Figure 2 FLT3 and PI3K/Akt signaling were detected. (A) PCR product of FLT3 gene was applied to agarose gel electrophoresis. β-actin was used as an internal control. (B, C) The protein level of total FLT3, phosphorylated-FLT3, total Akt, phosphorylated-Akt in BaF3-ITD, BaF3-ITD-R, MV4-11, MV4-11-R cells were evaluated by immunoblotting, with β-actin used as aloading control.
The Resistant Cells Rely on Glucose for Proliferation
The activation of the PI3K/Akt signaling pathway is known to regulate cell death and survival, and enhance glycolytic activity and metabolism (34). Plentiful work had shown that increased Akt activation could directly phosphorylate a number of glycolytic enzymes such as hexokinase 2 (HK2) (35). Based on the hyper-activation of PI3K/Akt signaling, we firstly examined glycolytic genes, including HK2, pyruvate kinase isozyme M2 (PKM2), lactate dehydrogenase A (LDHA), and glucose transporter type 1 (GLUT1), found HK2, PKM2 and GLUT1 genes were over-expressed in varying degrees in the resistant cells. Western blotting further confirmed the up-regulation of HK2, PKM2 and 3-phosphoinositide dependent kinase-1 (PDK1) in protein level, as shown in Figures 3A, B. When the glucose in the medium was deprived, the proliferation of resistant cells was inhibited more significantly than that of the corresponding parental cells, especially for MV4-11 cells, so deprivation of glucose indeed inhibited cells growth from 24h to 72h.
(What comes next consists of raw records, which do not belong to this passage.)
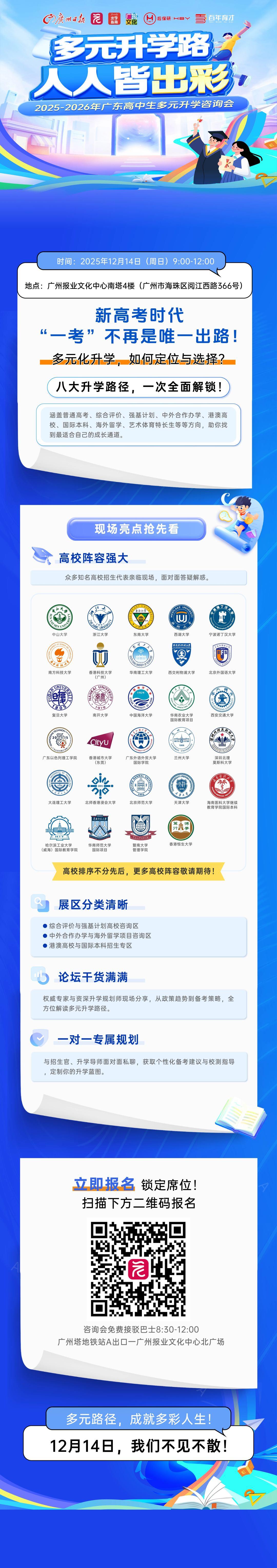 走好升学路,需要打开新思路,为帮助广东高中生及家长全面了解最新升学政策与多元路径,12月14日(星期日)由广州日报报业集团(广州日报社)主办的“2025-2026年广东高中生多元升学咨询会”将在广州报业文化中心举行。
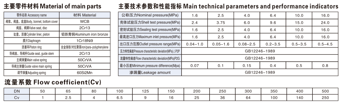 二、Y43H蒸汽減壓閥主要技術參數和性能指標
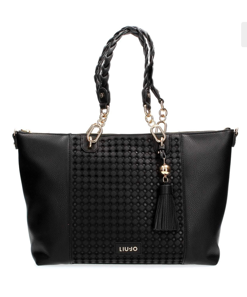 shopping bag realizzato in similpelle dotato di due manici intrecciati e tracolla con ricamo nella parte cfrontale misure 36x28x15 cm
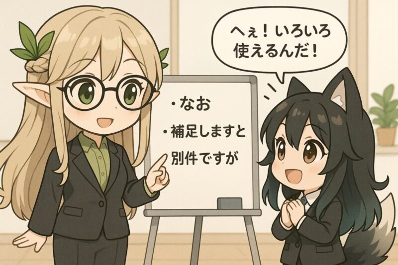 このように実際の文例を確認することで、補足や話題転換を自然に行う方法が理解しやすくなります。文章の流れを崩さずに情報を追加できることが、丁寧な印象を与える鍵となります。
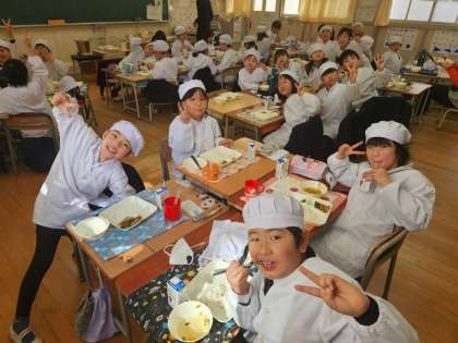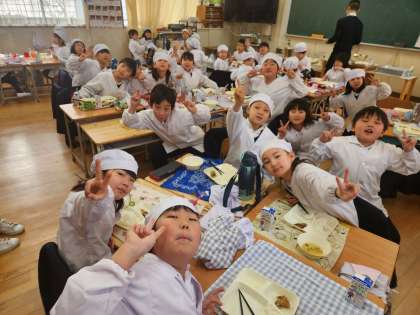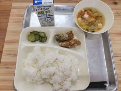 今日は「さば」を子どもたちの大好きなカレー味にした竜田揚げで提供されています。
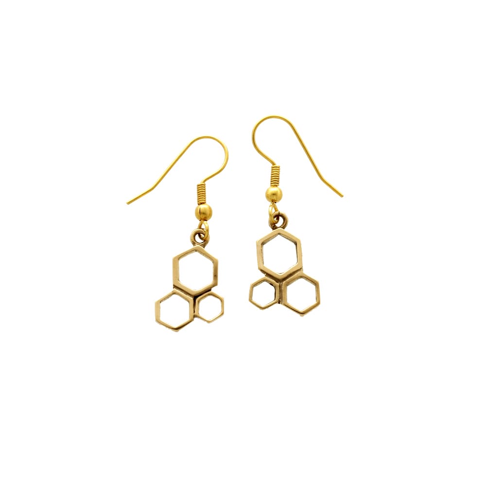 Bronze honeycomb drop earrings – bronze earrings with three different sized hexagons to give the effect of honeycomb, make a lovely companion to the bronze bee pendant. Come on gold-plated ear wires.
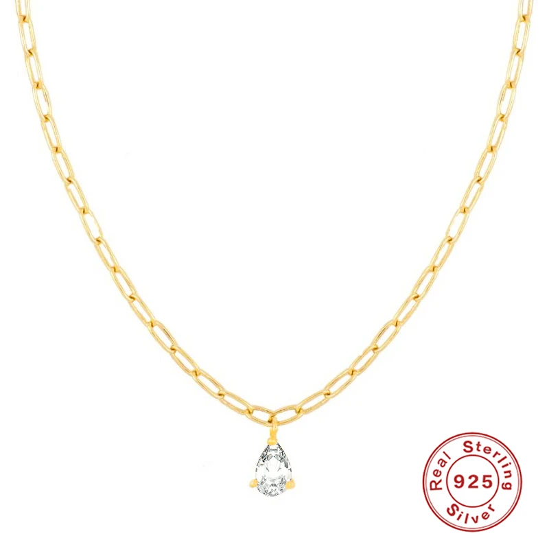 Цепочка женская из серебра 925 пробы с кулоном в виде капли воды, многослойные цепные ожерелья

However, this inhibition didn’t show any statistical significance (P>0.05). However, this difference was more apparent for the MV4-11-R cells, with the cell growth suppressed significantly from 48h, as shown in Figure 3C (P<0.001). For BaF3-ITD and BaF3-ITD-R cell lines, same phenomenon was observed, as shown in Figure 3D, the inhibition effect was more apparent for the resistant cells at 48 h, 72 h, and 96h. That means the resistant cells are more dependent on glucose for cell proliferation and energy supply. Glycolysis is the major way of adenosine triphosphate (ATP) production for the resistant cells since mitochondria dysfunction was reported in my previous work (26). Intracellular ATP was measured when the enzymes relevant to glucose metabolism were interfered. By treating the resistant cells with 10 μM oxamate, a competitive LDHA inhibitor, for 6 hrs, we observed the ATP production was reduced to 62.8% and 60.7% for MV4-11-R and BaF3-ITD-R respectively (P<0.001). 2-deoxy-d-glucose (2-DG), a derivative of glucose, can be phosphorylated by hexokinase and interfere with glucose uptake. Similar phenomenon was observed when cells were treated with 10μM 2-DG for 6 hrs, with ATP production significantly reduced to 83.7% and 74.7% for MV4-11-R and BaF3-ITD-R, respectively (P<0.05) (Figure 3E). These results mean the resistant cells depended on glycolysis for survival and ATP production.
Figure 3 Sorafenib-resistant cells rely on glucose for proliferation and ATP generation. (A) Real-time quantitative PCR was used to compare the gene expression of glycolytic enzymes. (B) Western blot analysis of glycolytic enzyme HK2, PKM2 and PDK1. β-actin was shown as a loading control. (C, D) Cell counts were compared for the two pairs of cells after incubating with the normal and glucose-free medium for indicated times. (E) ATP production rate of the resistant cells was detected when treated with 10 µM Oxamate and 10 µM 2-DG, respectively, for 6 hours. *p < 0.05, **p < 0.01, ***p < 0.001, NS, No significance.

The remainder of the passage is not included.